Assuming $f$ is unkown to us, we are trying to find a smoothing spline $\hat{f}$ to estimate $f$ by solving
\[\underset{f}{\min}~ \sum_{i=1}^{n} \{y_i - f(x_i)\}^2 + \lambda \int f^{(m)}(x)^2 \text{d}x\]where $f^{(m)}(x)$ is the $m$-th derivative of $f$. For example, $f^{(0)}(x)=f(x), f^{(1)}(x) = f’(x), f^{(2)}(x) = f’‘(x)$.
Special Cases:
- $\lambda = +\infty,~ m=0$: $f^{(0)}(x) = f(x)$
- $\lambda = +\infty,~ m=1$: $f^{(1)}(x) = f’(x)$
Meanwhile. when $f(x)=\beta_0$,
\(\underset{f}{\min}~ \sum_{i=1}^{n} \{y_i - f(x_i)\}^2 + \infty \cdot \int f^{(1)}(x)^2 \text{d}x \Longleftrightarrow \underset{f}{\min}~\sum_{i=1}^{n} \{y_i - f(x_i)\}^2 \Longleftrightarrow \underset{\beta_0}{\min}~\sum_{i=1}^{n} \{y_i - \beta_0\}^2 \Longleftrightarrow f(x) = \beta_0\).

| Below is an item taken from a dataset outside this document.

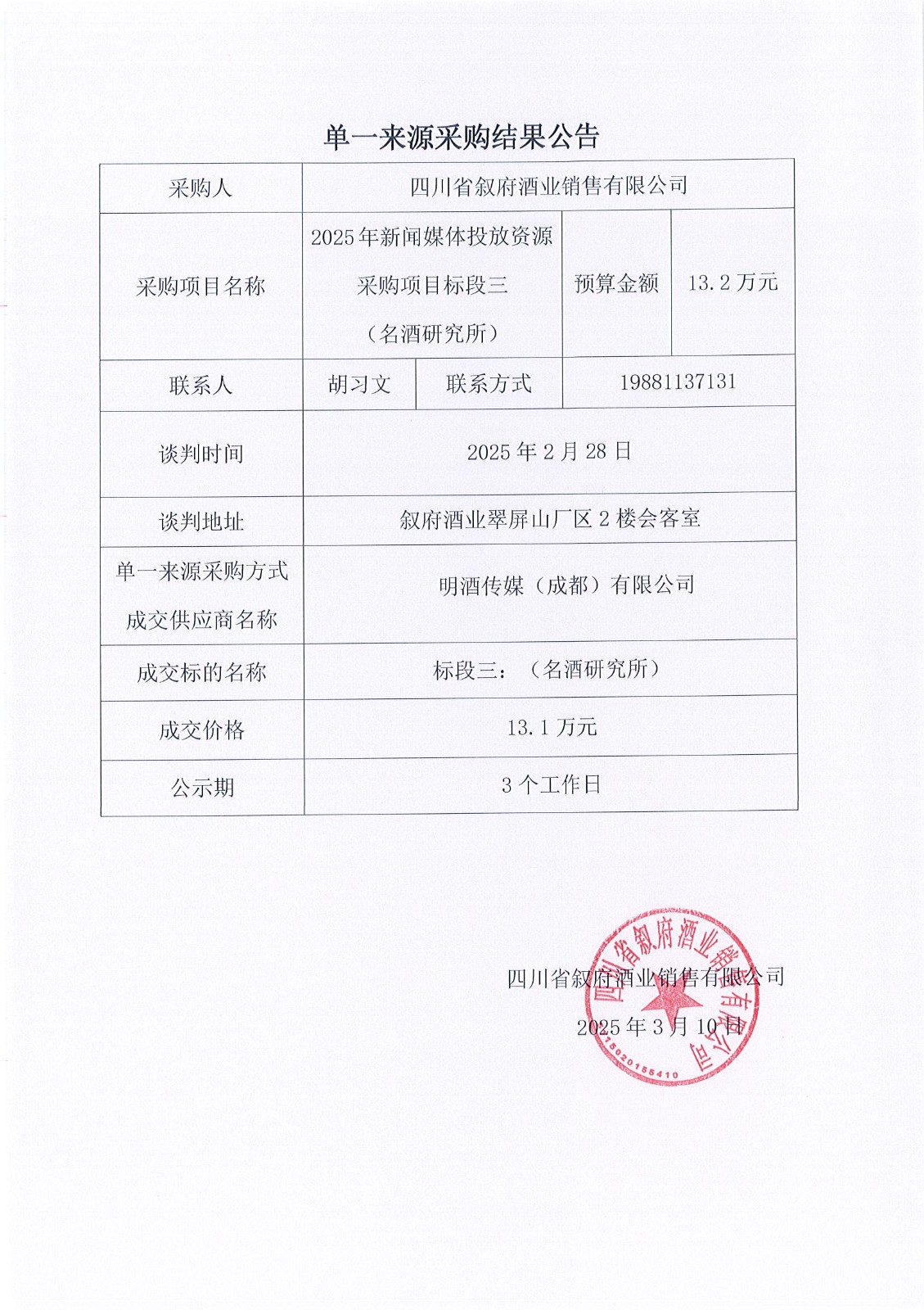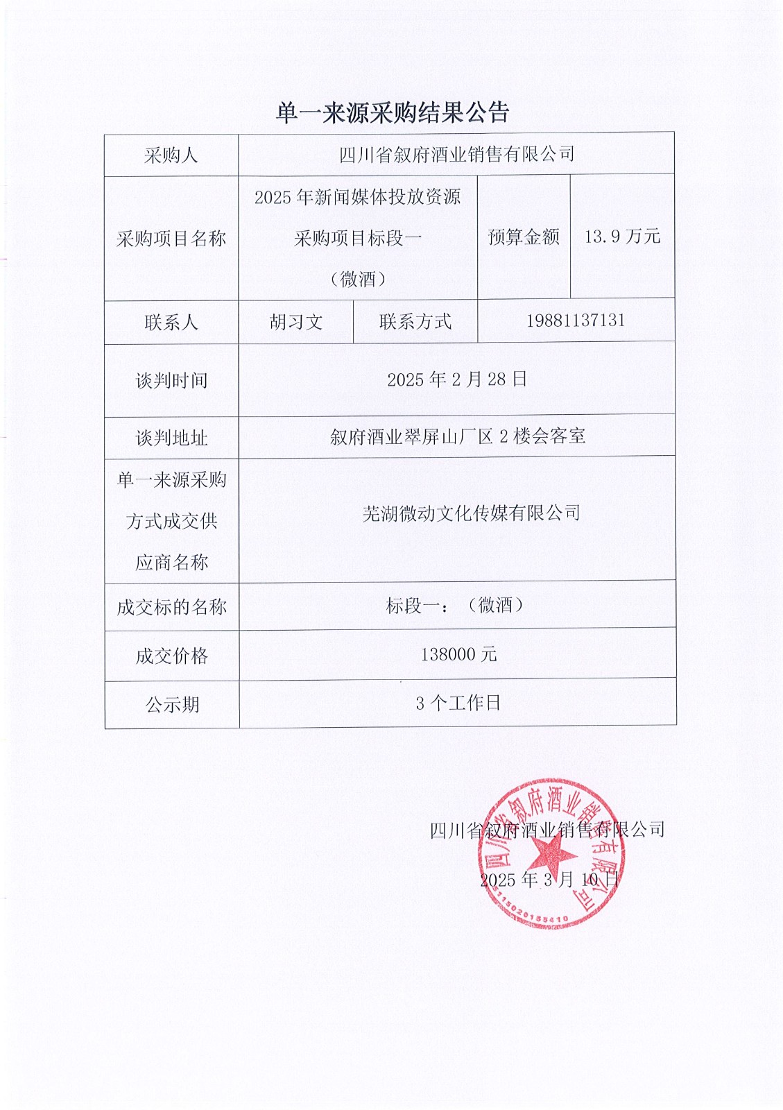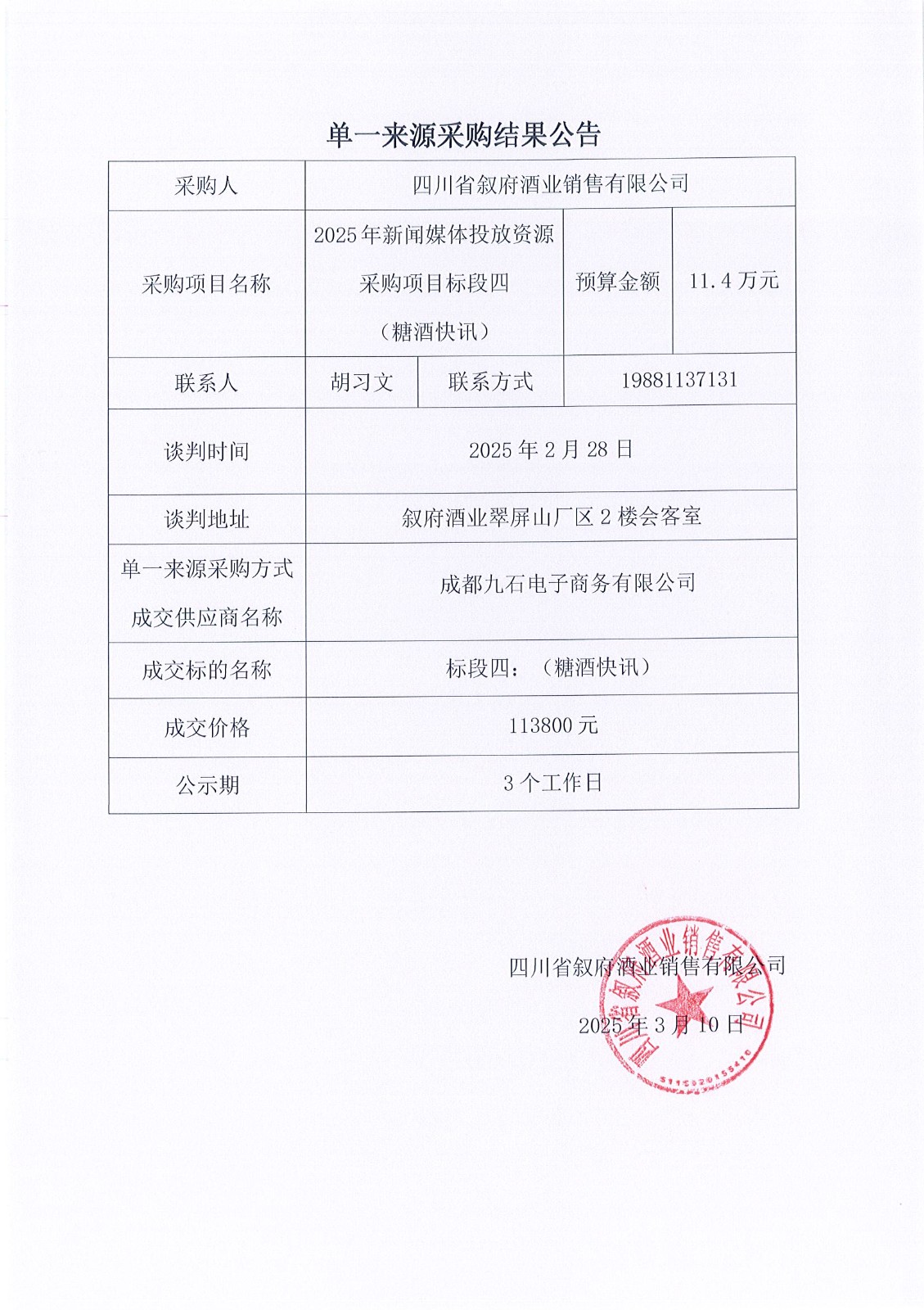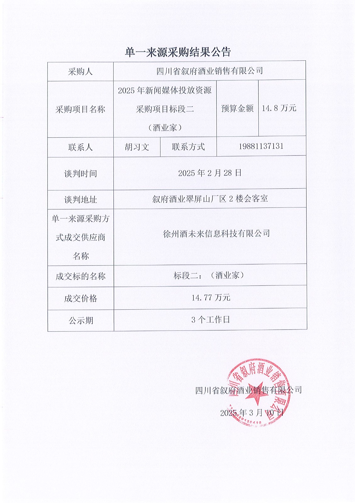 四川省敘府酒業(yè)銷(xiāo)售有限公司2025年度 新聞媒體投放資源采購項目單一來(lái)源各標段中標結果公示公告
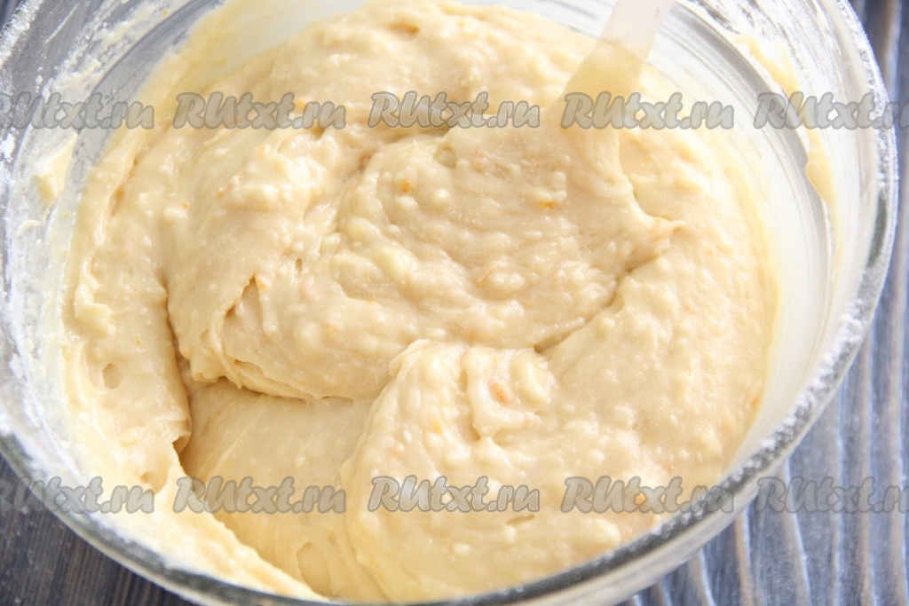 Замесить тесто с помощью силиконовой лопатки. Тесто получится в меру густым.

Therefore, $f(x) \equiv \beta_0 = \bar{y} = \frac{1}{n}\sum_{i=1}^{n} y_i$.
Ensemble Models: Bagging vs. Boosting
In statistics and machine learning, ensemble methods use multiple learning algorithms to obtain better predictive performance.
Bagging (Bootstrap Aggregating)
Given a training set $D={(x_1, y_1), \dots, (x_n, y_n)}$ of size $n$, bagging generates $B$ new training sets $D_i, i=1,2,\dots,B$, each of size $n’$, by sampling from $D$ uniformly and with replacement. Then, we fit $B$ models using the above $B$ bootstrap samples and combined by averaging the output (for regression) or voting (for classification).
\[f_{\text{avg}}(x) = \frac{1}{B} \sum_{b=1}^{B} f^b(x),\qquad f_{\text{vote}}(x) = \text{mode}(f^1(x), \dots, f^B(x))\]For example, Random Forest $=$ Bagging Multiple Decision Trees.
Boosting
Boosting refers to the process of turning a weak learner into a strong learner, where $B$ models are sequentially fitted:
\[f^1(x) \longrightarrow f^2(x) \longrightarrow f^3(x) \longrightarrow \dots \longrightarrow f^B(x)\]The subsequent model learns from the experiences of previous models. Finally, we aggregate models by
\[f_{\text{boosting}}(x) = \sum_{b=1}^B \alpha_b f^{(b)}(x),\]where larger weights are usually assigned to stronger learners, i.e., $\alpha_b \uparrow$ if $b\uparrow$.
For example, AdaBoost.